## WORK REQUEST
Return the lines below exactly, from the first line to the line that contains "This bold and". Leave out pictures.

## DATA FOR THIS EXERCISE
|---|

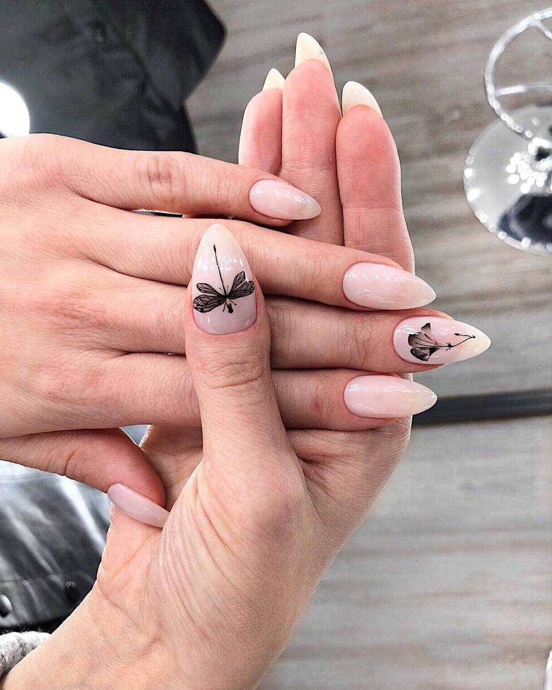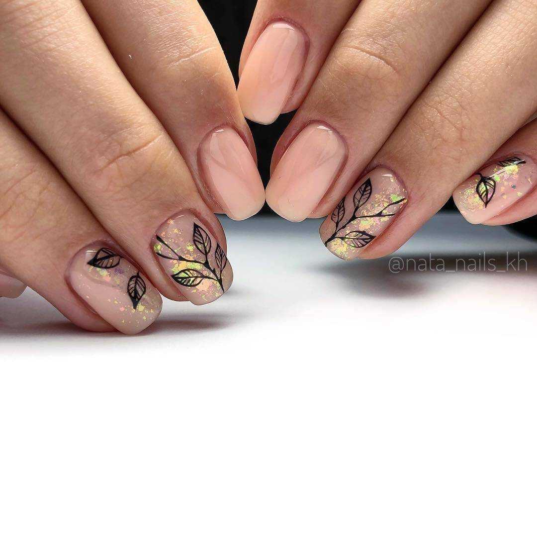 - Скелетированные листья. Почти прозрачные листочки, в которых четко видны только прожилки. Благодаря такому элементу удастся сделать неординарный маникюр.
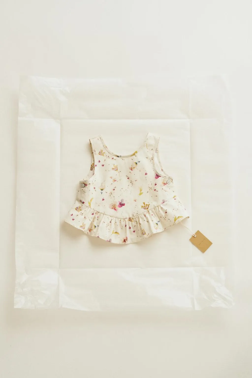 Top de popelín con estampado de flores. Tiene cierres laterales con botones nacarados y un volante en forma de U.
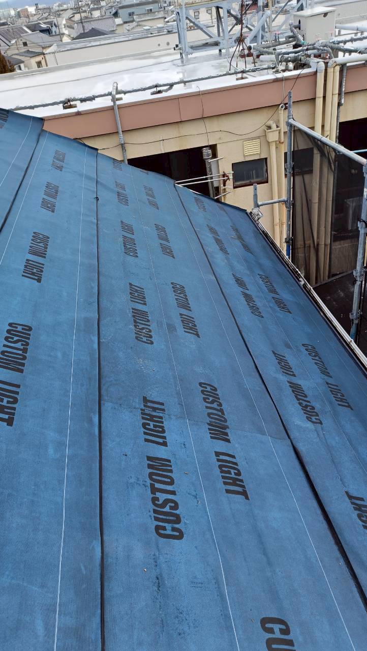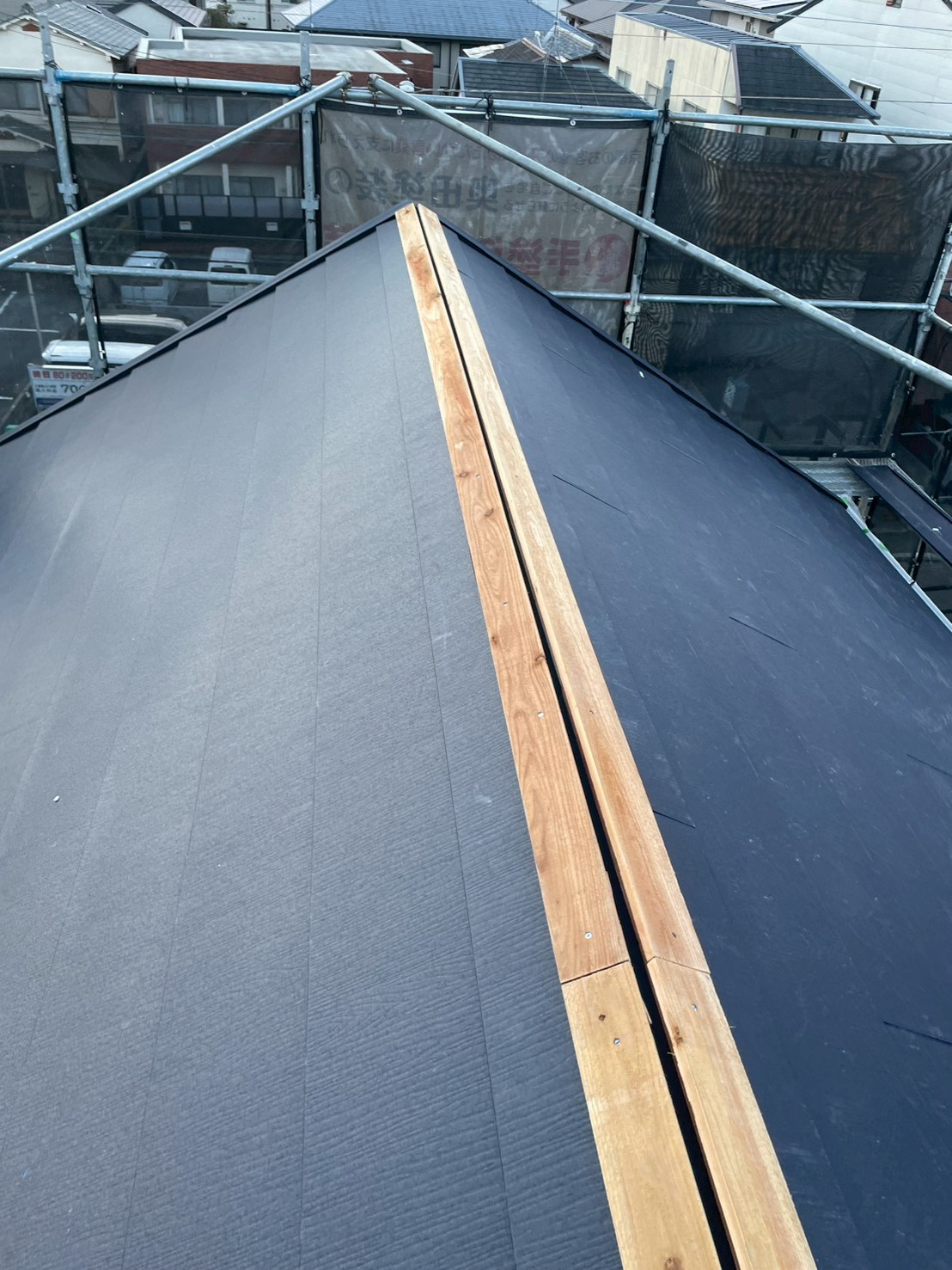本日は切妻の大屋根をIG工業のスーパーガルテクトをカバー工法にて施工しました。
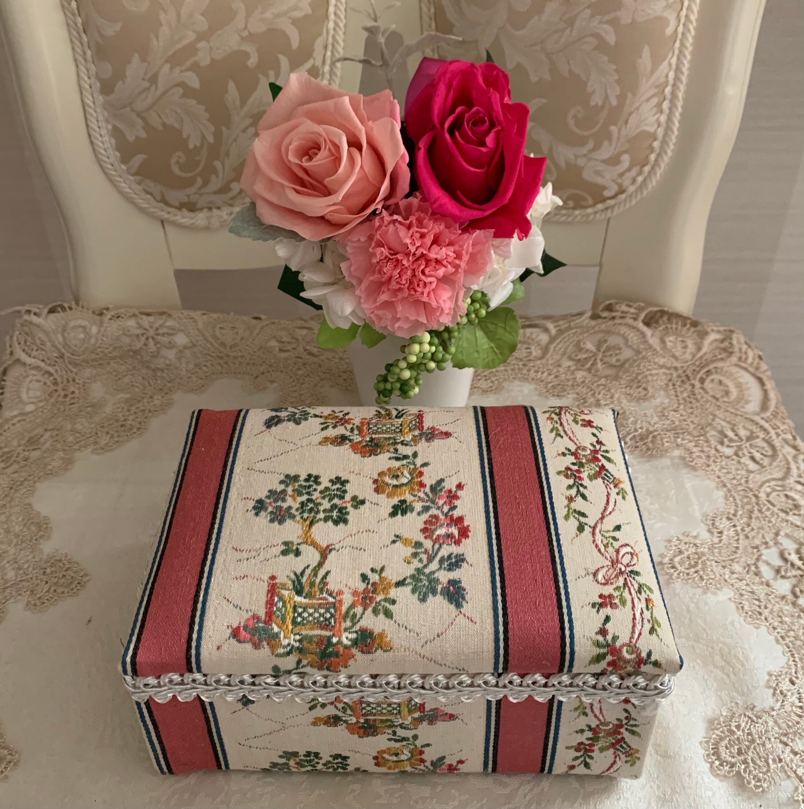 フランス産のアンティークファブリックでボックスを作りました。
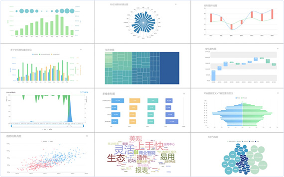 - 數(shù)十種的可視化圖表效果,包括柱形圖、折線圖、雷達圖、散點圖和詞云圖等,滿足不同人群的閱讀偏好,為您展示多樣數(shù)據(jù)信息提供全面支持
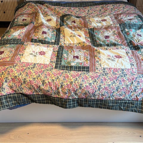 Sengeteppe i patchwork.
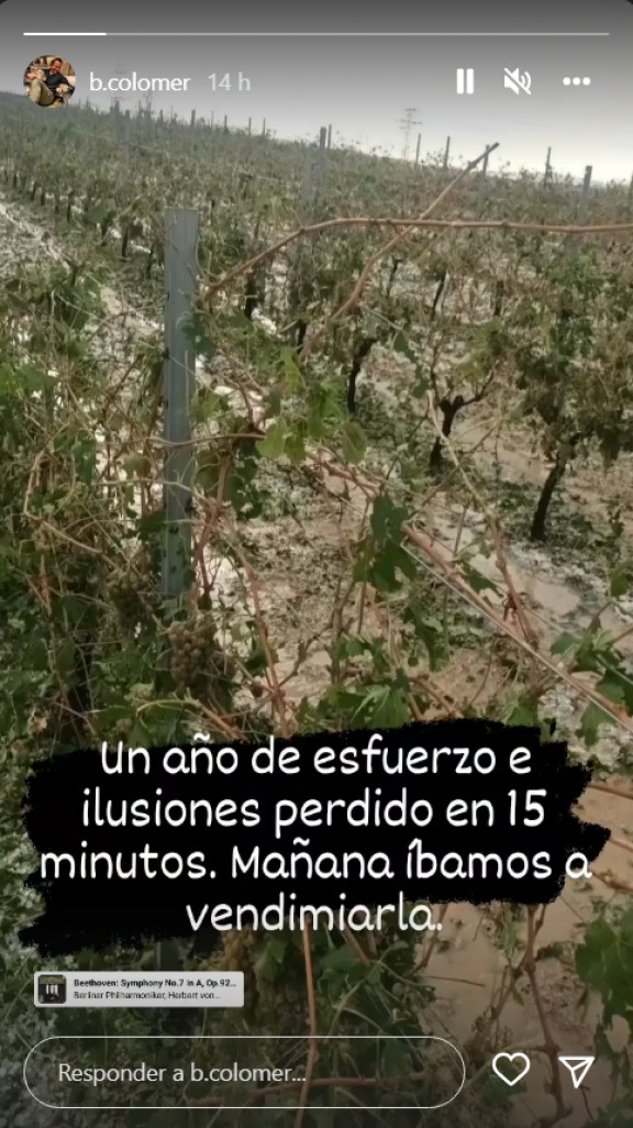 Bruno Colomer, enòleg de Codorníu, apuntava el mateix en una publicació a Instagram, "Un any d’esforç i il·lusions perdut en 15 minuts. Demà les anàvem a veremar".
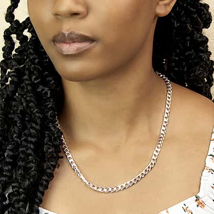 This bold and sturdy chain features a flat square link curb design with circular links that interlock together. The sterling silver chain is carefully crafted, giving the necklace a robust structure and a polished finish. It has a lobster clasp that is easy to use and secure. It's 18 inches long, which is ideal for highlighting your collarbone.
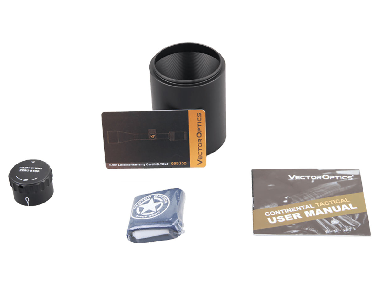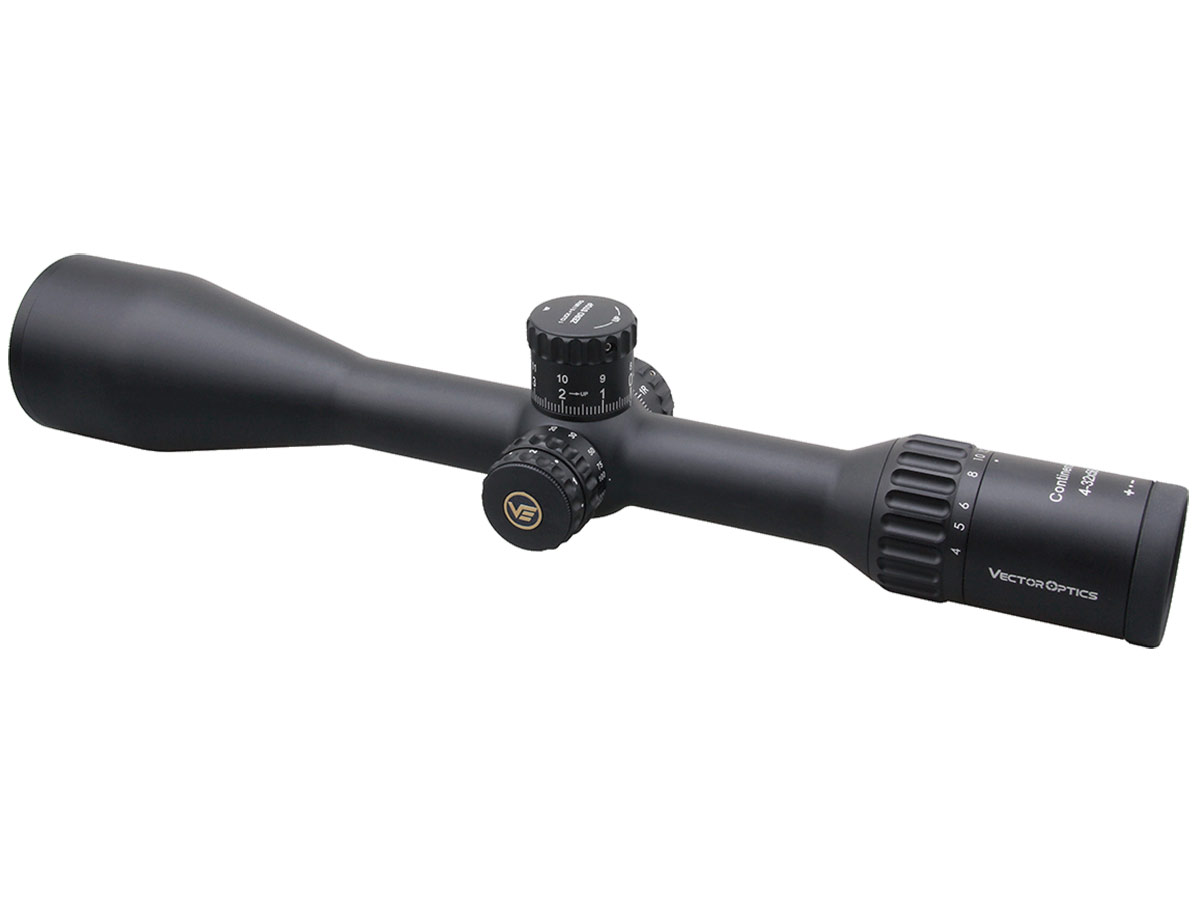 Тактический дизайн. Высокая прочность и водонепроницаемость. Как и большинство тактических прицелов премиум сегмента, Вектор Оптикс Континенталь x8 4-32x56 SFP Tactical ED выполнен в прочном монолитном 30-мм корпусе из алюминия 6061. Чтобы механика прослужила дольше, для подвижных узлов и барабанов использовали более износостойкий алюминий 7075. Конструкция (по заявлению производителя) держит ударные нагрузки порядка 750 G (калибр .300 Win, .308 Win), полностью защищена от пыли, осадков и внутреннего запотевания, сохраняет герметичность даже после случайного падения в воду на глубину не более 1 м (IP67) и может использоваться и зимой до -20°C, и летом до +50°C. Для установки на оружие используются либо штатные кольца на Picatinny, либо кронштейн с аналогичной посадкой 30 мм.
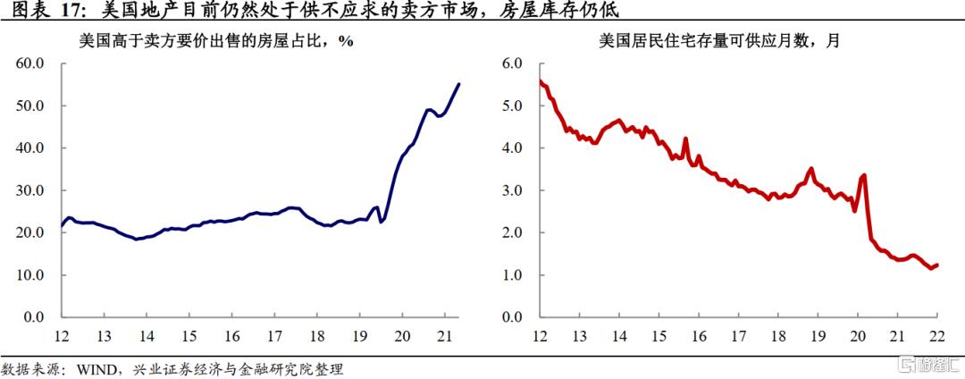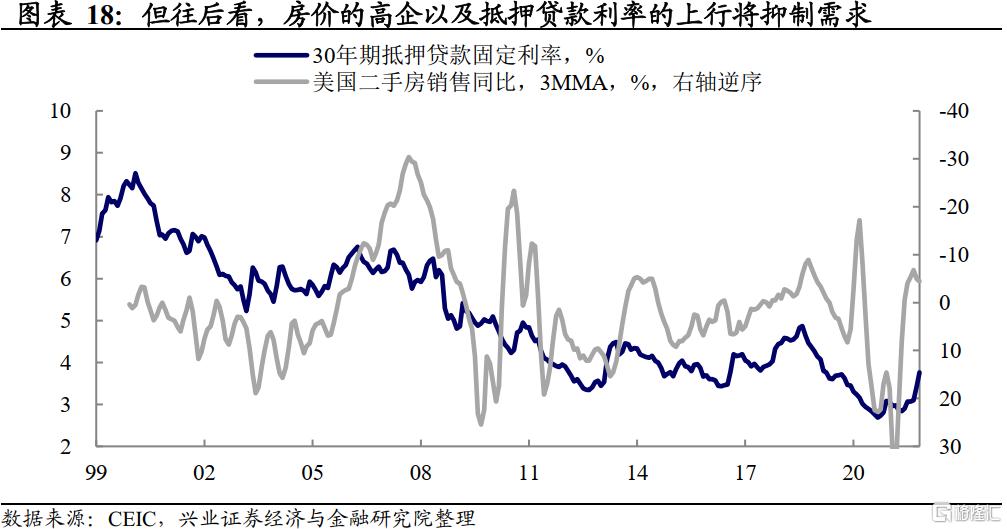 地产仍处于供不应求的卖方市场,但关注利率上行对需求的影响。地产方面来看,目前的销售制约可能还在供给端,天气、木材以及劳动力短缺限制了建筑活动,导致房屋库存持续处在低位,呈现供不应求的局面,进而导致房价高企。但值得注意的是,本轮美国地产需求的修复力——居家办公以及低利率,都正在遭遇逆风,叠加高房价,这意味着,需求端未来也将降温。

|---|

## RESPONSE AREA
 - Скелетированные листья. Почти прозрачные листочки, в которых четко видны только прожилки. Благодаря такому элементу удастся сделать неординарный маникюр.
 Top de popelín con estampado de flores. Tiene cierres laterales con botones nacarados y un volante en forma de U.
本日は切妻の大屋根をIG工業のスーパーガルテクトをカバー工法にて施工しました。
 フランス産のアンティークファブリックでボックスを作りました。
 - 數(shù)十種的可視化圖表效果,包括柱形圖、折線圖、雷達圖、散點圖和詞云圖等,滿足不同人群的閱讀偏好,為您展示多樣數(shù)據(jù)信息提供全面支持
 Sengeteppe i patchwork.
 Bruno Colomer, enòleg de Codorníu, apuntava el mateix en una publicació a Instagram, "Un any d’esforç i il·lusions perdut en 15 minuts. Demà les anàvem a veremar".
 This bold and sturdy chain features a flat square link curb design with circular links that interlock together. The sterling silver chain is carefully crafted, giving the necklace a robust structure and a polished finish. It has a lobster clasp that is easy to use and secure. It's 18 inches long, which is ideal for highlighting your collarbone.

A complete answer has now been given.